Fig. 2. Essential functions of IKK2 and NEMO in JNK activation by LMP1.

a LMP1 fails to induce JNK after the knockout of IKK2 in MEFs. LMP1 activity was induced by antibody crosslinking and JNK activation was monitored by immunoblotting. b Pharmacological inhibition of IKK activity interferes with JNK activation by LMP1. NGFR-LMP1 was induced in the presence of solvent (DMSO) or 5 μM of the IKK inhibitor VIII (ACHP). c, d IKK2 has a unique role in LMP1 signaling as compared to the TNFα and IL-1 pathways.
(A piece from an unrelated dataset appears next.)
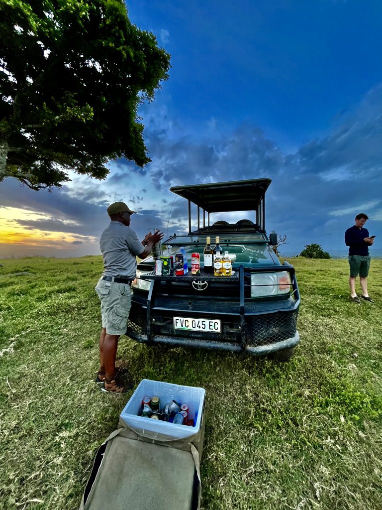 Und dann gibt es, stilecht vorne auf dem Jeep präsentiert, den Abendsnack und all die Getränke, die sich jeder zuvor ausgesucht hatte. Wow, fast dekadent!

Wildtype and IKK2^−/−MEFs were stimulated with 20 ng/ml TNFα (c) or 10 ng/ml IL-1 (d) for the indicated times. e IKK1 is dispensable for JNK activation by LMP1. IKK1 was targeted by CRISPR/Cas9 in wildtype MEF:NGFR-LMP1wt and IKK2^−/−MEF:NGFR-LMP1wt cells. LMP1 activity was induced in non-targeted, IKK1^crKOMEF:NGFR-LMP1wt (clone 69) and IKK1^crKOIKK2^−/−MEF:NGFR-LMP1wt (clone 8) cells. Activation of JNK and canonical NF-κB was monitored. f The knockout of NEMO causes a defect in JNK activation by LMP1. NEMO was inactivated in wtMEF:NGFR-LMP1wt cells by CRISPR/Cas9 technology. NGFR-LMP1 activity was induced in non-targeted cells and the NEMO^crKO clones 2, 7, and 19. JNK and canonical NF-κB were analysed. CRISPR/Cas9 knockouts were verified by immunoblotting (this Figure) and sequencing (see Supplementary Table 2). a–f The data are representative of at least two independent experiments. For immunoblot quantification and statistics see Supplementary Table 3.